Friday, May 02, 2008

Day 11 - Yangshuo

At breakfast I spoke to two cyclists who were doing a leisurely 20Km a day in the area through villages and tows. They had been pick-pocketed in a remote village and had their mobiles nicked.

Bike trip
We hired bicycles and rode out on dirt tracks to the rice paddies where people were hoeing, carrying manure I baskets, using water buffalo to plough or darting rice shoots into the mud. There was no sign of mechanisation and the people looked as poor as one can imagine. It rained on the trip and we sheltered in a café and beneath a limestone overhang. I had noticed a lot of smoking among the men, but not women. Paul, our guide, said that only ‘naughty women’ smoke.

Chinese calligraphy
In the afternoon we did calligraphy classes and Tai Chi. I chose calligraphy and enjoyed the deliberate and almost ceremonial approach to writing. We did the basic nine strokes then some basic characters and our names. He also introduced us to some freestyle writing. Carl and Gil did Tai Chi with a teacher who had spent ten years at Shaolin.

Great firewall of China
Hidden away in the school was a large internet café that had people doing English online, games and the usual stuff. A PC costs as little as £200 and the software is almost all pirated. I tried the usual Tibet, Tianamen and Taiwan searches but most were disabled. However, Wikipedia is available, with these sections rendered inaccessible.
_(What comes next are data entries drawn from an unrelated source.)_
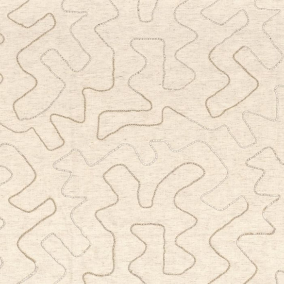 Le tissu Périple est une création majeure de la collection Viaggio. Il se distingue par un travail de broderie innovant utilisant un fil guipé pour tracer un chemin sinueux sur une trame de fond. Ce procédé crée un effet de corde appliquée saisissant, donnant au motif l'impression de se détacher de la matière grâce à un bel relief 3D.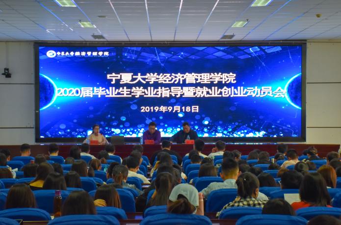 在贺兰山校区文荟楼东报告厅举行2020届毕业生学业指导暨就业创业动员会。与会领导包括院党委副书记程胜利、新疆特派教师巴塔、16级辅导员何韶华。2016级全体学生到场参加。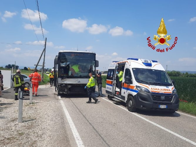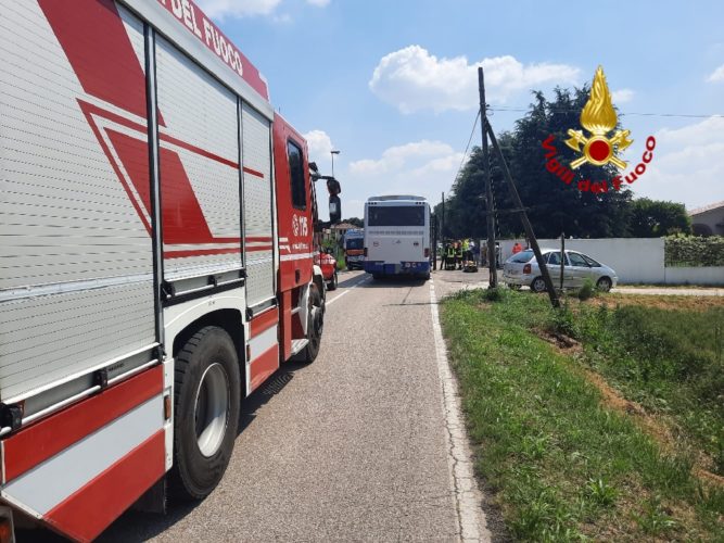 Il torpedone era pieno di studenti che stavano tornando a casa dopo una mattinata di scuola a San Bonifacio e stava transitando lunga la Strada provinciale 500, diretto verso Pressana. All’altezza di un distributore di carburanti in località Baldaria, per cause in corso di accertamento, il pullman si è scontrato, probabilmente per una mancata precedenza, con l’Oper Astra familiare a bordo della quale viaggiavano un uomo di 85 anni e una donna di 81, marito e moglie entrambi di Sarego.

You can still see the real deal here with cormorant fishing, rural China in all of its filth, poverty but dignity and majesty. Within minutes you can move between 21st century technology and commerce to feudal farming. But it’s disappearing fast. The government have reduced rural taxes to zero I some areas and reduced it in others to redress the balance between the increasing rich/poor gap.
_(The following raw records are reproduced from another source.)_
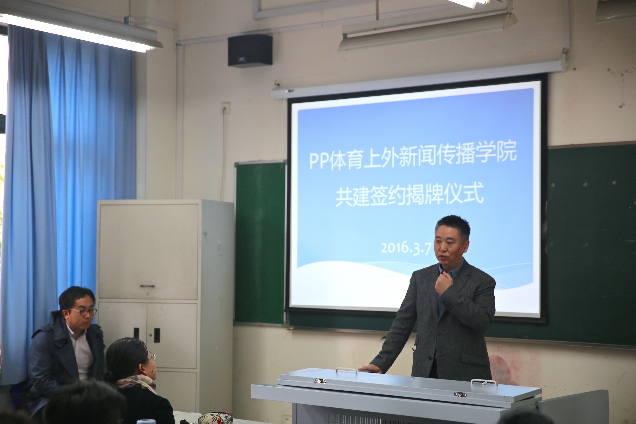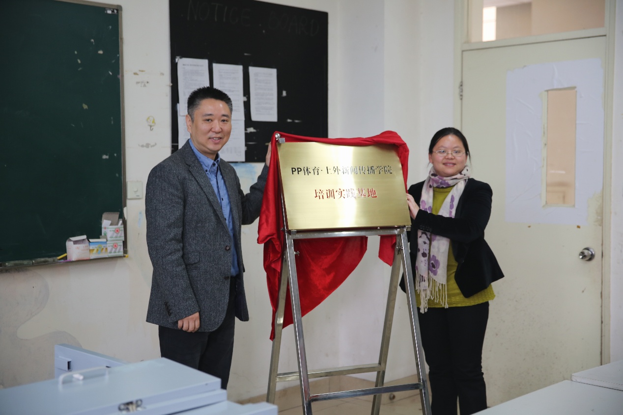JCSN上外讯 2016年3月7日早上10点,PP体育与上外新闻传播学院共建签约揭牌仪式于一教楼1152教室准时举行。PP体育CEO张讯、新传学院副院长严怡宁共同为共建项目揭牌,在PP体育工作的上外校友徐隽以及24位新传学院的同学参与了揭牌仪式,新传学院的顾天柱老师主持了这场仪式。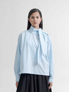 Blouse elegan dengan aksen pita pada leher yang memberikan sentuhan feminin dan chic. Didesain dengan potongan longgar dan bahan katun poplin yang lembut serta nyaman dikenakan. Kancing di bahu memudahkan pemakaian sekaligus menambah detail menarik pada tampilan.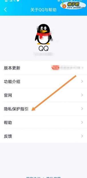 4点击开启关于QQ与帮助,如图所示找到隐私保护指引。

Entire group stopped off for a foot massage, apart from me. I wasn’t convinced by the ying/yang intro. Everyone, however, did enjoy the experience. We drove North West of Guilin to a valley and had to swap buses to get to Ping A. The driver deliberately swung the bus round the bends so that our guide would fall into his lap – it worked, a manoeuvre he had clearly used often. He the asked her out for a drink!
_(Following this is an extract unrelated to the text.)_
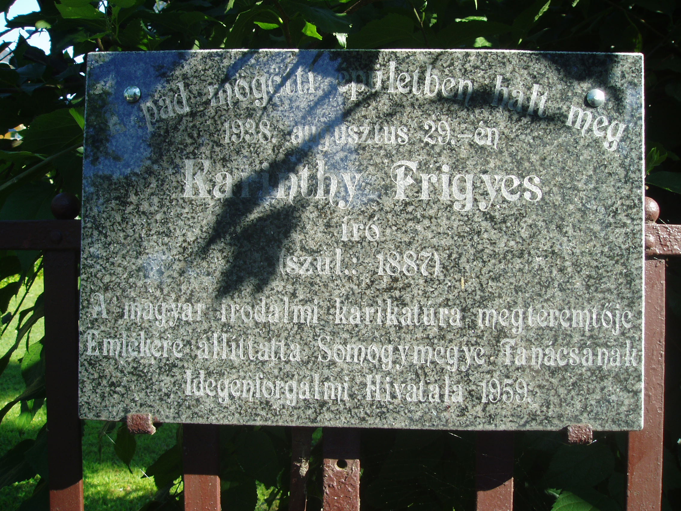 Nyilvános 1268 | 2253 | Siófok, Batthyány utca 46. | Siófok egyik legendás épülete és intézménye a volt Vitéz Panzió. Az épületet az akkori idők egyik legtehetségesebb művésze, a kiskorpádi születésu Kozma Lajos (1884-1948) Kossuth-díjas építész tervezte. Az évtizedek során számos nevezetes vendége volt. Az épület előtt támaszkodik a kerítésnek Karinthy Frigyes emlékpadja. Ebben a házban hunyt el 1938. augusztus 29-én a XX. század legegyetemesebb érdeklődésű és egyik legtermékenyebb magyar írója. Karinthy Frigyes - családjával együtt - évtizedeken keresztül volt a Vitéz Panzió viszatérő vendége. Az író imádta Siófok nyári hangulatát, vendéglőit, a kaszinók éjszakai mondén életét s a délutáni kártyacsatákat. A Stockholmban 1936-ban elvégzett agyműtét után még felépült, de két év múlva itteni szobájában agyvérzést kapott és meghalt. Utolsó estéjén még meglátogatta a panzióban jóbarátja, Rejtő Jenő. Karinthy Frigyes fiai, a tragikus sorsú költő, Karinthy Gábor és Cini, azaz Karinthy Ferenc író is nagyon sokat tartózkodtak itt. Karinthy Ferenc az itteni életet, ifjúságának csínyjeit számos írásában rögzítette. Faludy György költő is lakott a Vitéz-panzióban. “Itt nyaraltunk 1914-től 1918-ig minden nyáron. Apám akkor katona volt. A Batthyány utca 7.-ben laktunk a szüleimmel, illetve apámmal, aki a frontról egyszer meg is látogatott bennünket. Aztán később is megfordultam Vitéz Miklósné panziójában, amikor Karinthy Frigyes is itt nyaralt" - mesélte később a költő. Felmerült az ötlet, hogy az épületben létrehozzák Karinthy Frigyes emlékmúzeumát, de a megvalósítás még messze van. Viszont 1998-ban a Rózsakertben (a Balaton-parton) felállították egészalakos szobrát, Varga Tamás alkotását. A fénykép 2006 júliusában készült. Felh. irod.: http://www.siofok.hu/seta_a_varosban_hu.php Matyikó Sebestyén József: Zsidók Siófokon. Debrecen, Ethnica, 2000 |

We had to walk up to the village with our bags, although local women (all 50+) would carry them for 20 Yuan. We felt shamed by the offer. It was a hell of a climb and we were all pretty much whacked when we reached our wooden hostel. The view from our room was across the rice paddies - bliss.

1 Comments:

At 10:36 AM, Anonymous Rina said...

This is a lovely post. The 'naughty' women and the guide thing, nice trick eh! The thing about foot massage, its fine to get it but the person who touches your body should be a balanced person or it can do more damage at subtle level. How poverty breaks you, just 20 yuan for carrying someones weight. These things break my heart and I loose faith in this strange existance.